Call it self-care if you will. This small luxury and ritual might be just the thing to bring cozy comfort to your living room, too.

Last year, I posted a down-and-dirty video primer on Instagram and the warm response I received prompted me to finally get around to writing down my recipe to share with an even broader audience.

Here are a few things to know about each of the elements of my London Fog latte:

The tea. With citrusy notes of bergamot, Earl Grey tea has the aromatic personality to cut through the dairy richness of the milk and still play nice with the lavender. My favorite is the Earl Grey Supreme from Harney & Sons; the brand sells a lovely Victorian London Fog blend that includes lavender and vanilla already in it, if you don’t mind doubling up on those flavors. I also enjoy Earl Grey from Twinings, Fortnum & Mason and, locally in D.C., Teaism. My colleague Olga Massov recommends the “extra bergamot” Earl Grey from Upton Tea and the Earl Grey French Blue from Mariage Frères.

For the best flavor, loose-leaf is really what you want. And it doesn’t require much in the way of extra equipment — a simple strainer you can set over your mug will do when it comes time to pouring out the brewed tea.
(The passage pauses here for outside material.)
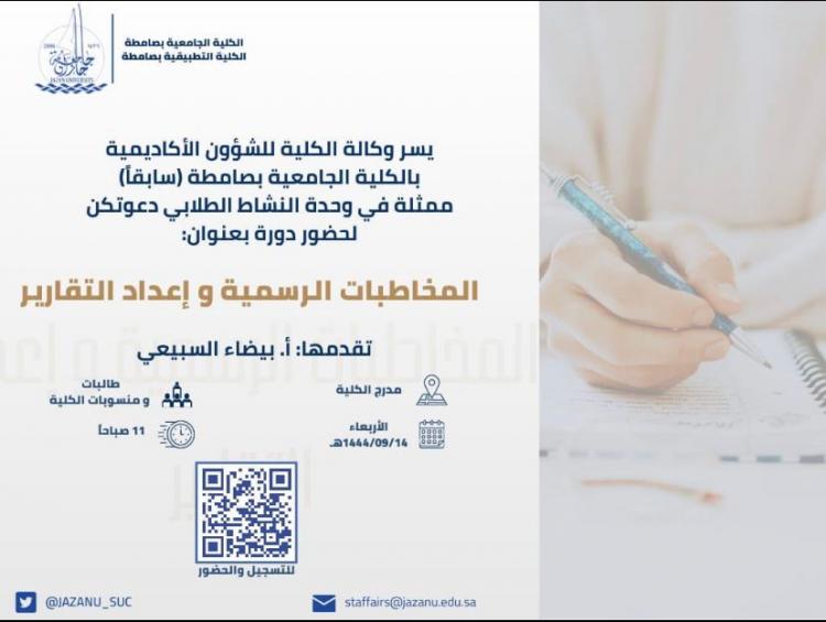 إعداد التقارير والخطابات الرسمية بالكلية التطبيقية بصامطة

If you absolutely will only use tea bags, go with two instead of one. Brewing the tea for 5 minutes might sound like a lot, but remember it will be softened by the milk and syrup.

5 tips for a better cup — or pot — of tea

The lavender. Be sure you use culinary lavender! Whether you’re plucking buds from your backyard plant or buying it online, this is key. Either freshly picked (grab them before the purple flower blooms) or dried lavender will work here. Save a few buds for a pretty garnish, if desired.
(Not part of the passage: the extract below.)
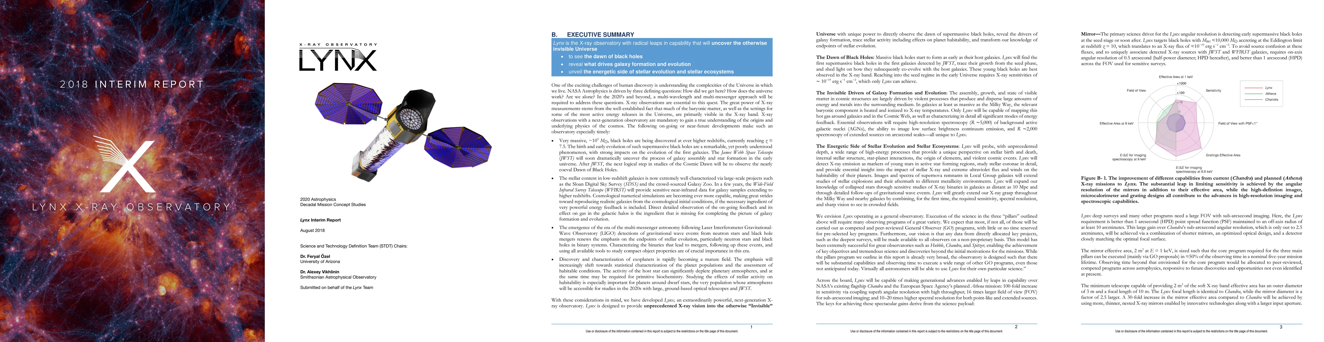 The Lynx Mission Concept Study Interim Report outlines a next-generation X-ray observatory promising significant advancements over current missions, including a 100-fold increase in sensitivity and a 16 times larger field of view, designed to explore black holes, galaxy formation, and stellar evolution. The mission aims to provide unprecedented capabilities for a broad range of astronomical research.

The milk. I prefer reduced-fat (2 percent) milk because it splits the difference between lean skim milk and richer whole milk, but use what you like. Heating the milk in the microwave or on the stovetop briefly, until it’s about 150 degrees, primes it for frothing and cools down the very hot tea to the point that you can drink it almost right away. Don’t like the foam, or don’t have a frother? Use the steamed milk as is. Feel free to swap in a nondairy milk of your choice.
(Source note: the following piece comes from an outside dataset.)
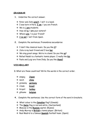 This document contains an English grammar and vocabulary exercise with 8 sections. It tests understanding of parts of speech, verb conjugation, vocabulary related to countries and nationalities, comprehension of a short reading passage, writing a short personal profile, and filling in gaps in conversational exchanges. The reading comprehension section contains 10 true/false statements about the details and facts presented in the short story.

The syrup. We’re making what is called a “rich syrup” here, a simple syrup with a slightly higher proportion of sugar than water for a thicker, sweeter mixer for the tea. The primary flavor comes from steeping the lavender buds, but I add supporting players in the form of vanilla and almond extracts (use all vanilla if you have a nut allergy). The yield of the recipe gives you enough for 12 lattes (3/4 cup of syrup), though you could also use the syrup to flavor lemonade, sparkling water, cocktails and zero-proof drinks. Or try brushing it over cake. If you don’t want to make the lavender simple syrup, buy it from brands including Sonoma Syrup Co., Torani and Monin.

The equipment. I don’t use anything fancy. I steep the tea leaves in my go-to teapot with built-in strainer and froth the milk with an inexpensive handheld wand. I first saw the Peach Street frother recommended by Deb Perelman of Smitten Kitchen, and it’s a keeper. Be sure you have an extra-large mug for serving the drink — ideally with a capacity of more than 2 cups because of the volume of the drink and frothed milk. If not, portion it out incrementally or share with a friend. There’s definitely enough for two if you don’t feel like drinking it all. Not surprisingly, I always drink the whole thing.